The Sakana Fugu Ultra benchmark claims center on a single positioning statement: Sakana AI reports that Fugu Ultra "stands shoulder-to-shoulder with leading models like Fable 5 and Mythos Preview" across engineering, scientific, and reasoning evaluations. That is the company's own characterization, and it is deliberately framed as parity rather than a specific score.

According to Sakana AI's materials, the baseline comparison set spans the current frontier tier: Claude Fable 5, Mythos Preview, Gemini 3.1 Pro, Opus 4.8, and GPT-5.5. The company describes Fugu Ultra as competitive with that group rather than publishing one headline benchmark figure in its public-facing text. You can read the company's framing on the Sakana Fugu product overview.

Some press reports go further than Sakana's own copy. Those reports claim Fugu Ultra surpasses GPT-5.5 and Opus 4.8 on SWE-Bench Pro (a software-engineering benchmark) and TerminalBench (an agentic command-line benchmark). Those are reported claims attributed to outlets, not numbers Sakana stamps as official, and not figures any independent tester had reproduced as of late June 2026.

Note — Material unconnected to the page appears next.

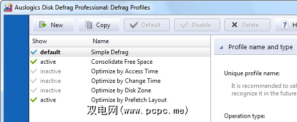 默认情况下,Auslogics磁盘Defrag Professional使用“简单碎片整理"配置文件。此配置文件是最快的,因为它只会对文件进行碎片整理,并且对其在磁盘上的布局没有任何特殊作用。但是,它还包含许多其他配置文件-例如,您可以将其布置为文件以最大程度地释放可用空间。

Why these claims are unverified

None of the Sakana Fugu Ultra benchmark claims had been independently reproduced as of late June 2026 because the model is only days old: it was announced June 22, 2026, and the verification ecosystem moves slower than a launch cycle. Neutral leaderboards, academic reproductions, and community evals all take weeks to set up, run, and publish.

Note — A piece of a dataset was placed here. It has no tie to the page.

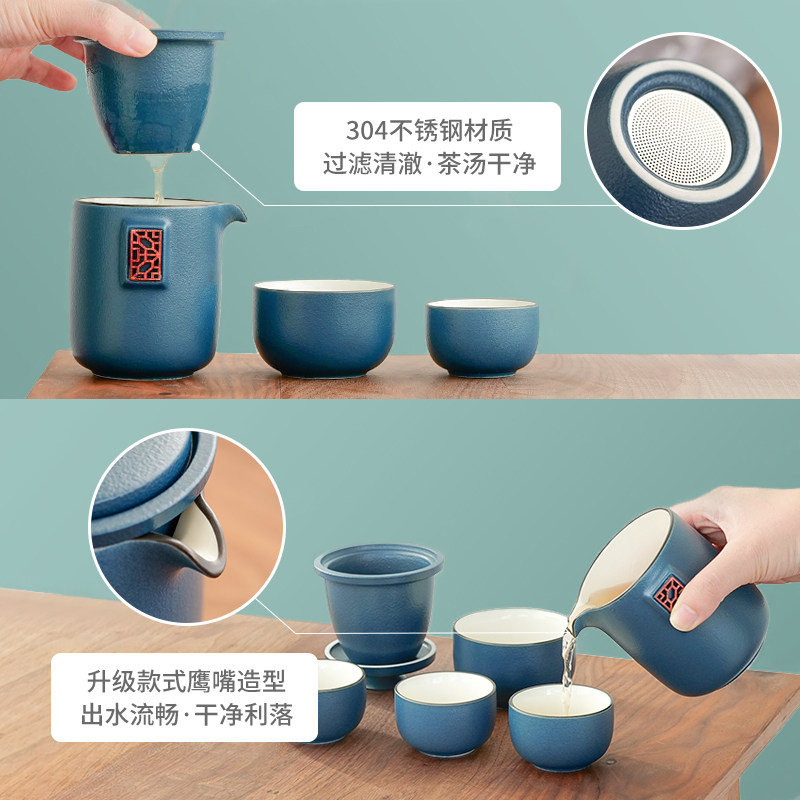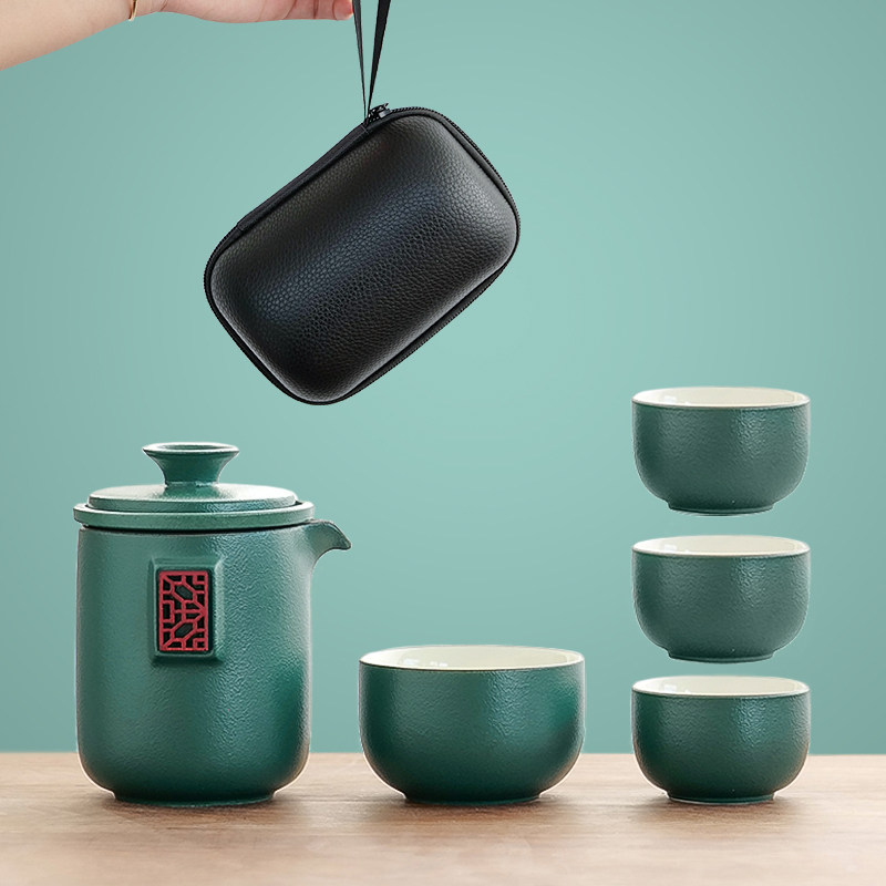 Fuqu One Pot Four Cups White (Lychee Pattern Leather Bag) Fuqu One Pot Four Cup Black (Lychee Pattern Leather Bag) Fuqu One Pot Four Cup Blue (Lychee Pattern Leather Bag) Fuqu One Pot Four Cup Green (Lychee Pattern Leather Bag)

There is also a structural problem with self-reported benchmarks. A vendor controls the prompt, the scaffold, the tool access, the number of attempts, and which results get reported. Two labs running "SWE-Bench Pro" can use different harnesses, retry budgets, and pass@k definitions and arrive at wildly different numbers for the same underlying model. That is why the field treats vendor numbers as a starting hypothesis, not a settled fact.

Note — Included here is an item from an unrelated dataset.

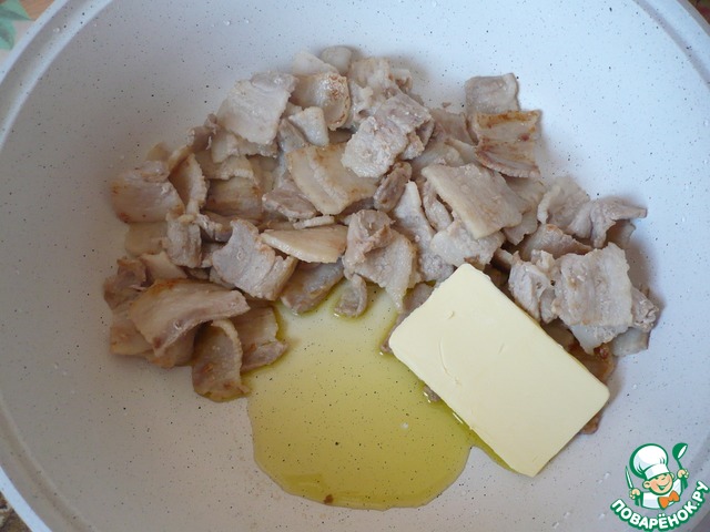 К бекону добавьте оливковое и сливочное масло.

For context on how the canonical software-engineering benchmark defines tasks and scoring, see the official SWE-Bench site. Comparing any Fugu Ultra claim against that methodology is the only way to know whether two reported numbers are even measuring the same thing.

The practical takeaway: until reproducible results appear on a neutral leaderboard, treat "Fugu Ultra beats Opus 4.8 on SWE-Bench Pro" as a marketing-grade claim. It might be true. It is just not yet evidence.

Claimed results vs status

The table below separates what is claimed from what has actually been verified as of late June 2026. Every entry in the "Status" column is the same for a reason: independent confirmation simply does not exist yet.

Claim	Source of claim	Status (as of late June 2026)
Fugu Ultra "stands shoulder-to-shoulder" with Fable 5 and Mythos Preview	Sakana AI (vendor positioning)	Vendor claim — not independently verified
Competitive with frontier tier (Gemini 3.1 Pro, Opus 4.8, GPT-5.5)	Sakana AI (vendor positioning)	Vendor claim — no headline score published; unverified
Surpasses GPT-5.5 and Opus 4.8 on SWE-Bench Pro	Press reports (attributed)	Reported claim — not reproduced by neutral testers
Surpasses GPT-5.5 and Opus 4.8 on TerminalBench	Press reports (attributed)	Reported claim — not reproduced by neutral testers
Trialed by ~500 beta users on demanding real-world workloads	Sakana AI (vendor)	Vendor claim — usage signal, not a benchmark result

Why orchestration complicates benchmarking

Multi-agent orchestration breaks the assumptions that make standard benchmarks comparable, which is the core reason Fugu Ultra numbers are hard to trust at face value. Fugu Ultra is not a single fixed model answering a prompt — it is a coordinator that can recruit several expert models, hand them subtasks, verify their work, and synthesize a result, as described in the Sakana Fugu Technical Report (arXiv:2606.21228).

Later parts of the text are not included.